In Wieland's later novels, such as the Geheime Geschichte des Philosophen Peregrinus Proteus (1791) and Aristipp und einige seiner Zeitgenossen (1800–1802), a didactic and philosophic tendency obscures the small literary interest they possess. He also translated Horace's Satires (1786), Lucian's Works (1788–1789), Cicero's Letters (1808 ff.), and from 1796 to 1803 he edited the Attisches Museum which did valuable service in popularizing Greek studies. Wieland was also strongly influenced by the French fairy-tale vogue of the 18th century; he published a collection of tales entitled Dschinnistan (1786–1789), which included three original tales, 'Der Stein der Weisen' ('The Philosopher's Stone'), 'Timander und Melissa', and 'Der Druide oder die Salamanderin und die Bildsäule' ('The Druid or the Salamander and the Painted Pillar').

Wieland died in Weimar. He had a strong influence on the German literature of his time.

== Works ==
Wieland was a prolific writer, publishing novels, poetry, plays, and philosophical treatises. His works contributed significantly to the literary and intellectual movements of the Enlightenment and Weimar Classicism.

=== Major works ===
- Der geprüfte Abraham (1753)
- Geschichte des Agathon (1766–1767)
- Don Sylvio von Rosalva (1764)
- Musarion oder die Philosophie der Grazien (1768)
- Der neue Amadis (1771)
- Die Abderiten, eine sehr wahrscheinliche Geschichte (1774)
- Oberon (1780)
- Dschinnistan (1786–1789)
- Das Geheimnis des Kosmopoliten-Ordens (1788) → The Secret of the Order of Cosmopolitans
- Aristipp und einige seiner Zeitgenossen (1800–1802)

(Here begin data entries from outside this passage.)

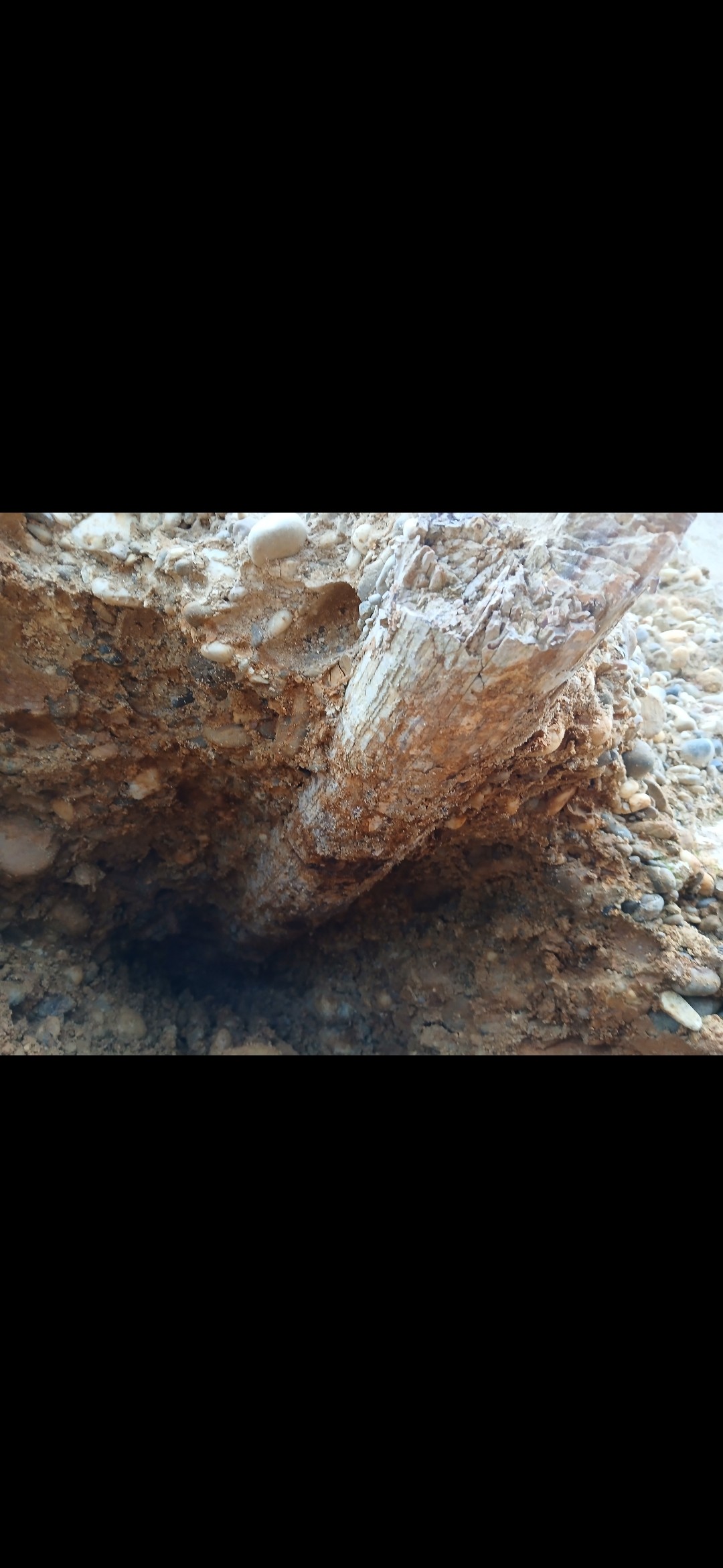 Ci dessous, trouvaille de l an dernier, fragment de défense d'Anancus arvernensis du pliocène d' 1m de long. Déja postée sur le forum. Malheureusement je n'ai pas pu la plâtrer, au vu de sa position et j'ai du sous caver (dans du sable) sur 1 m de profondeur. Je l'ai sortie en 4 tronçons qui heureusement peuvent être parfaitement assemblés.
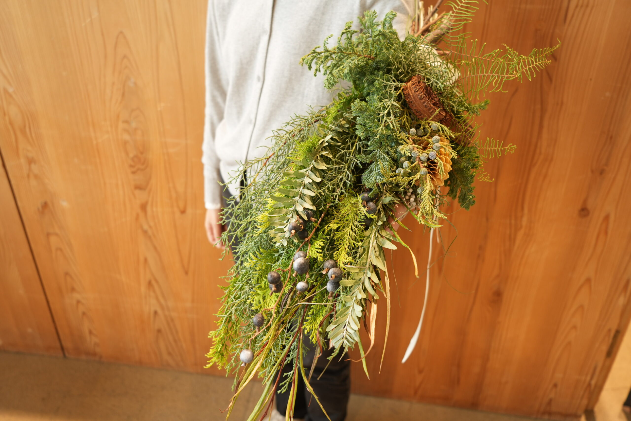 今回は冬をテーマに「Xmasやお正月」にも飾って楽しめる、リースとスワッグになります。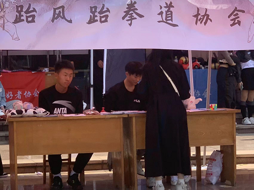为让同学更好的参与校园活动,williamhill英国于10月22日在大学生艺术中心下沉广场举行”百团大战“社团纳 新活动·,其中跆风跆拳道协会位于97号坑,由社团负责人王佳乐、社团成员以及社团指导中心部分工作人员主持。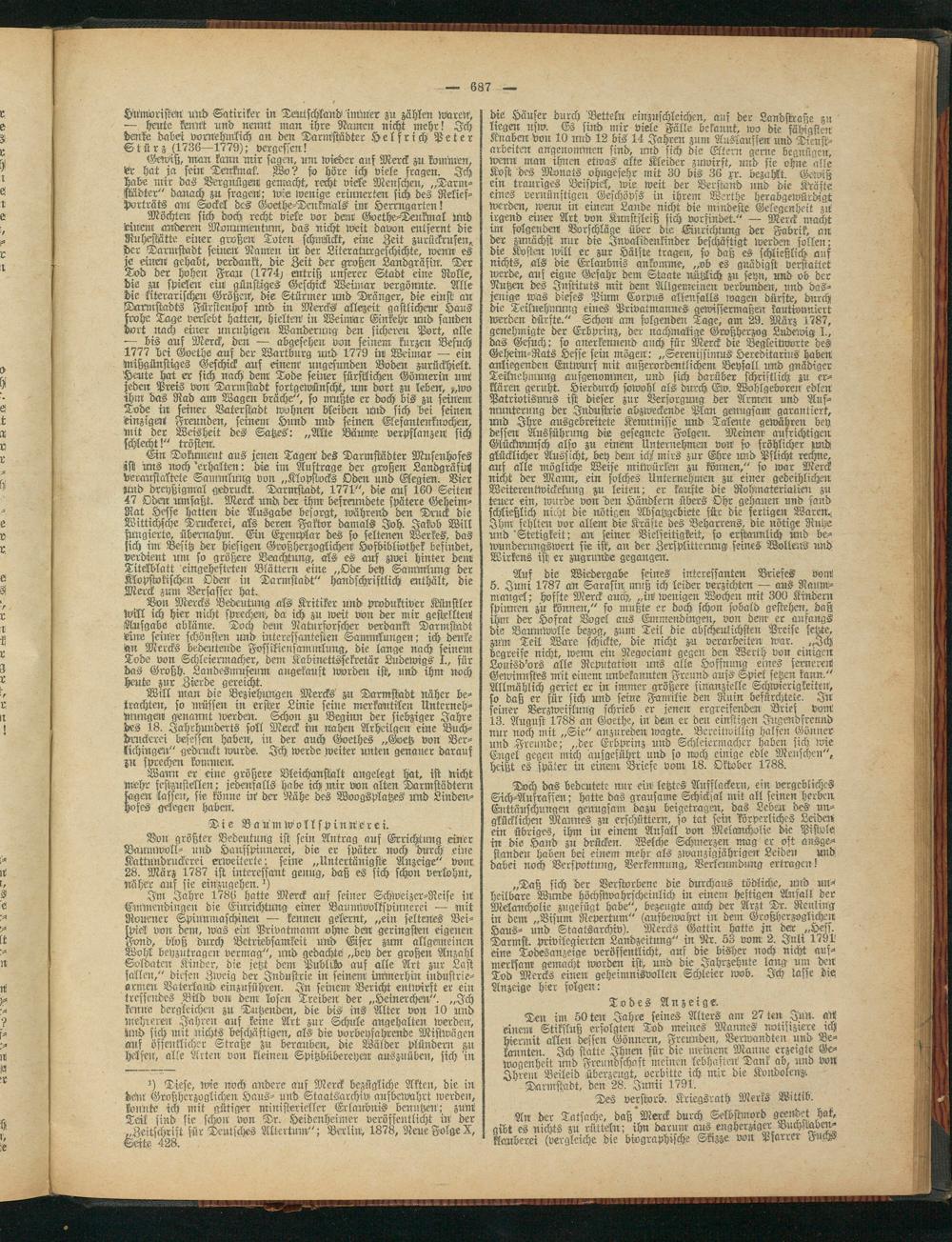 *) Diese, wie noch andere auf Merck bezügliche Akten, die in dein' Großherzvglichen Haus- und Staatsarchiv! aufbewahrt werden, konnte ich mit gütiger ministerieller Erlaubnis benutzen'; zum Teil sind sie schon' von Dr. .Heidenheimer veröffentlicht in der „Zeitschrift für Deutsches Altertum"; Berlin, 1878, Neue Folge X, Seite 428.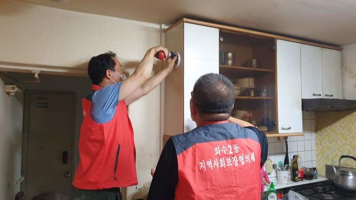 인천 동구 화수2동 지역사회보장협의체가 최근 인천중부의용소방대와 함께 지역내 취약계층을 대상으로 소화기와 화재감지기를 지원했다. 두 단체는 오는 12월까지 소화기 배부와 화재감지기를 설치한다. 사진은 화재감지기를 설치하고 있는 협의체 관계자들의 모습. (사진제공=동구청)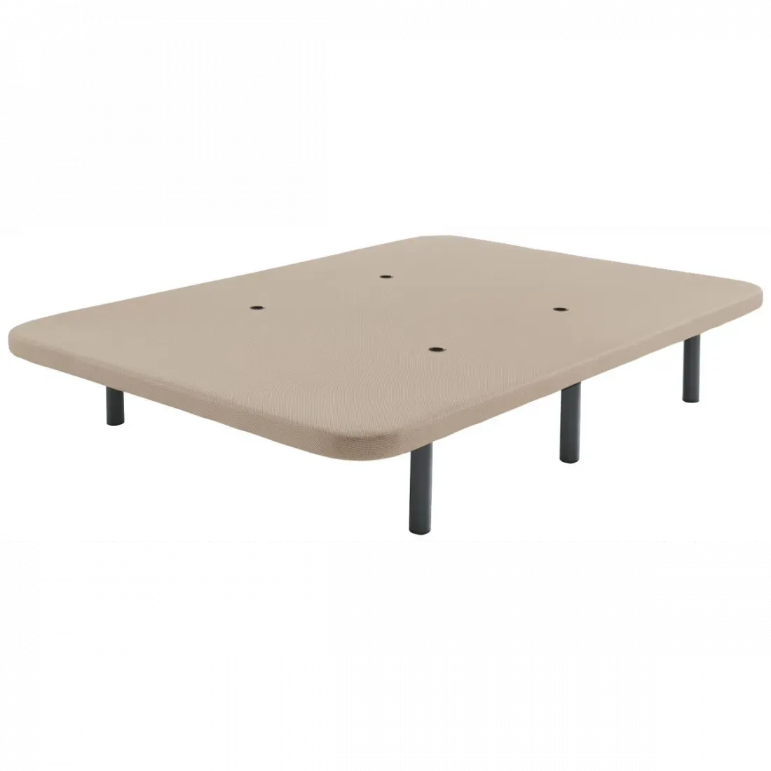 La base tapizada ofrece un descanso muy estable gracias a su tapizado uniforme. Su estructura otorga a la base tapizada una correcta sustentación del colchón y ofrece un descanso sin ruidos, manteniendo un gran confort durante el descanso. Destaca su estética y diseño al estar tapizado en un tejido 3d color beig. Posee cuatro válvulas de aireación que facilitarán la transpiración. INCLUYE JUEGO DE 6 PATAS.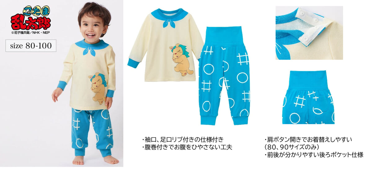 また、パジャマはシリーズ初の展開で、子ども用の「ヘムヘム柄のパジャマ」は「ヘムヘム」が寝ている姿がかわいいトップスに、ボトムにはブルーの一年生総柄を使用しています。

=== Collected editions ===
Wieland's complete works were widely republished in collected editions, some of which included critical annotations and commentary.

==== Sämtliche Werke ====
- Sämtliche Werke (1794–1802, 45 vols.) – Edited by Ludwig Wieland (1815) and H. Gessner (1815–1816)
- Later editions:
  - 1818–1828, 53 vols.
  - 1839–1840, 36 vols.
  - 1853–1858, 36 vols.
  - 1879–1882, 40 vols. (edited by H. Düntzer)
- Selected works published in Kürschner's Deutsche Nationalliteratur (vols. 51–56, 1883–1887), edited by Heinrich Pröhle
- Further selections by F. Muncker (6 vols., 1889) and W. Bolsche (4 vols., 1902)

==== Gesammelte Schriften ====
- Edited by Deutsche Kommission der Königlich Preußischen Akademie der Wissenschaften (1909–1975)
- Two sections:
  - Abt. I: Werke
  - Abt. II: Übersetzungen
- Later edited by the German Academy of Sciences at Berlin (1945), Akademie der Wissenschaften der DDR (1969), Hans Werner Seiffert, and others.
- Includes volumes with and without commentary.
- Some volumes remain missing from the edition.

==== Correspondence and critical editions ====
- Wielands Briefwechsel (20 volumes, 1963–2007) – Edited by the German Academy of Sciences at Berlin, later by Berlin-Brandenburgische Akademie der Wissenschaften
- Wielands Werke. Historisch-kritische Ausgabe (since 2008) – Edited by Klaus Manger and Jan Philipp Reemtsma, published in Berlin/New York.